Back in the summer of 1998, posters for Godzilla screamed a similar soundbite: ‘size does matter’.

Maybe, but monsters can be as big as you like in these ground-rattling, Imax-friendly days, but without a decent script and a likeable cast, such films can be dead in the water.

Thankfully del Toro is one of the most creative, original film-makers working in Hollywood at the moment, and has been since he made breakthrough movie Cronos more than a dozen years ago.

I’m proud of the fact my first date movie with my wife was Hellboy, a film I never tire of watching, while his arthouse offerings The Devil’s Backbone and Pan’s Labyrinth deserve every bit of praise thrown at them.

So when I heard he was making Pacific Rim, a multi-million dollar sci-fi epic about giant mechanoid warriors fighting huge monsters, my first thought was ‘Robot Jox versus Godzilla’.
“Robot what?” you may quite rightly say.

Well, back in the 1980s, cult film-maker Stuart Gordon, the man behind icky horror classics Reanimator and From Beyond, helmed a low budget fantasy epic about warriors in giant mechanoid suits who square off against one another in vast arenas. It was ‘Rocky with rivets’ if you like.

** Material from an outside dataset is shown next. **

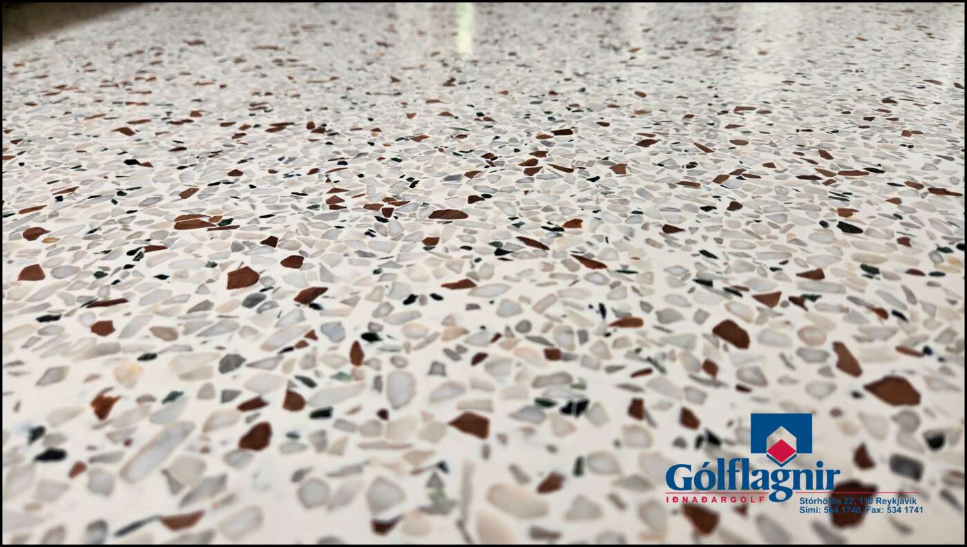 Topp Terrazzo er epoxy steypa með háu innihaldi af fylliefnum af margvíslegum gerðum og í ýmsum litum. Fylliefnin geta verið marmari og bergtegundir af ýmsum gerðum bundið epoxy resin í ýmsum litum. Þykkt er frá 8-15 mm eftir grófleika fylliefnis.

Inspired by the Transformers toyline (17 years before Michael Bay turned the idea into a multi-billion dollar franchise) it crashed and burned at the box office.

Given the fact Iron Man 3 made around $1.1billion worldwide, it’s little wonder Hollywood money men are falling over themselves to find another project in which guys in mechanical suits spend a lot of screen time trading blows.

With Gareth Edwards, maker of low budget cult hit Monsters, now hard at work on a new version of Godzilla, there are big hopes that can succeed where Roland Emmerich’s 1998 version failed.

If anyone can stitch together assorted genres such as robot warriors and Godzilla-style monsters then it’s Del Toro, the man who perhaps wisely dropped out of The Hobbit after months of pre-production to work on this epic instead. (A version of HP Lovecraft’s At The Mountains of Madness also fell by the wayside).

Given the fact Peter Jackson’s opening movie in the Tolkien trilogy was a bit of a let down, let’s hope Guillermo can work his magic on this mecha-monster mash up.

Naturally it comes with a rallying speech provided as standard in all fantasy epics these days, though given the fact Idris Elba is the brilliantly named Stacker Pentecost inspiring the troops, it’s worth ignoring that nagging sense of déjà vu from Independence Day and Lord of the Rings: Return of the King.